> WORK INSTRUCTION
Set down all of the entries below word for word, with the pictures left out.

────────────────────────────────────────

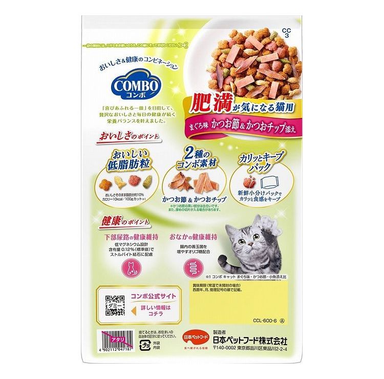 【2個セット】 日本ペットフード コンボ キャット 肥満が気になる猫用 まぐろ味・かつお節・かつおチップ添え 600g【ポイント10倍】 【送料無料】
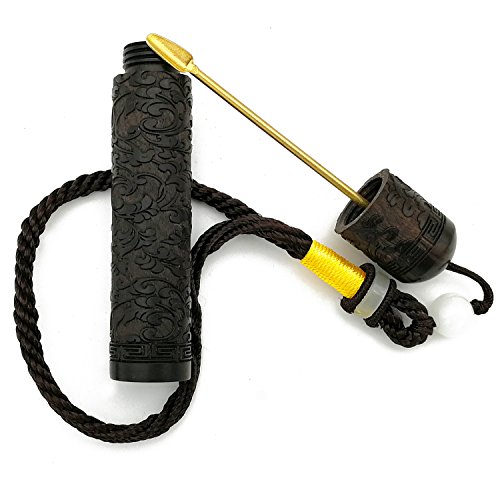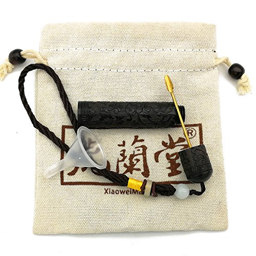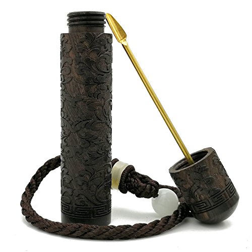 Snuff Bottle Metal Spoon Snorting Snorter Bullet EDC Ebony BlackWood Portable Fragrance Toothpick Case Container (IVY)
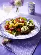 Form approx. 16 small balls from the minced dough and press 1/2-1 teaspoon of cheese mixture into the middle of each ball. Heat 4 tablespoons of oil in a frying pan. Fry the balls for about 6 minutes, turning them over. Cover and fry for another 6-7 minutes. Finally, stir the remaining basil into the hot frying fat
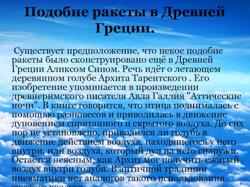 подобие ракеты было сконструировано ещё в Древней Греции Аликсом Сином. Речь идёт о летающем деревянном голубе Архита Тарентского . Его изобретение упоминается в произведении древнеримского писателя Авла Галлия "Аттические ночи". В книге говорится, что птица поднималась с помощью разновесов и приводилась в движение дуновением спрятанного и скрытого воздуха. До сих пор не установлено, приводился ли голубь в движение действием воздуха, находящегося у него внутри, или воздуха, который дул на него снаружи. Остаётся неясным, как Архит мог получить сжатый воздух внутри голубя. В античной традиции пневматики нет аналогов такого использования сжатого воздуха.
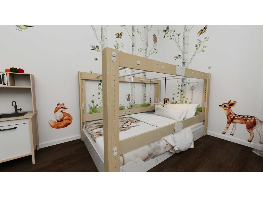 Vďaka variabilite rastúcej postele MANU a jej kompatibilite s pohybovou stavebnicou FABER vytvoríte z postele bezpečný priestor na tréning hrubej motoriky a rozvoj fyzickej kondície vašich detí, a to priamo doma v ich izbičke. Variantov je nespočetné množstvo, a záleží len na vás, akými doplnkami posteľ osadíte.

────────────────────────────────────────

> ANSWER BOX
 【2個セット】 日本ペットフード コンボ キャット 肥満が気になる猫用 まぐろ味・かつお節・かつおチップ添え 600g【ポイント10倍】 【送料無料】
 Snuff Bottle Metal Spoon Snorting Snorter Bullet EDC Ebony BlackWood Portable Fragrance Toothpick Case Container (IVY)
 Form approx. 16 small balls from the minced dough and press 1/2-1 teaspoon of cheese mixture into the middle of each ball. Heat 4 tablespoons of oil in a frying pan. Fry the balls for about 6 minutes, turning them over. Cover and fry for another 6-7 minutes. Finally, stir the remaining basil into the hot frying fat
 подобие ракеты было сконструировано ещё в Древней Греции Аликсом Сином. Речь идёт о летающем деревянном голубе Архита Тарентского . Его изобретение упоминается в произведении древнеримского писателя Авла Галлия "Аттические ночи". В книге говорится, что птица поднималась с помощью разновесов и приводилась в движение дуновением спрятанного и скрытого воздуха. До сих пор не установлено, приводился ли голубь в движение действием воздуха, находящегося у него внутри, или воздуха, который дул на него снаружи. Остаётся неясным, как Архит мог получить сжатый воздух внутри голубя. В античной традиции пневматики нет аналогов такого использования сжатого воздуха.
 Vďaka variabilite rastúcej postele MANU a jej kompatibilite s pohybovou stavebnicou FABER vytvoríte z postele bezpečný priestor na tréning hrubej motoriky a rozvoj fyzickej kondície vašich detí, a to priamo doma v ich izbičke. Variantov je nespočetné množstvo, a záleží len na vás, akými doplnkami posteľ osadíte.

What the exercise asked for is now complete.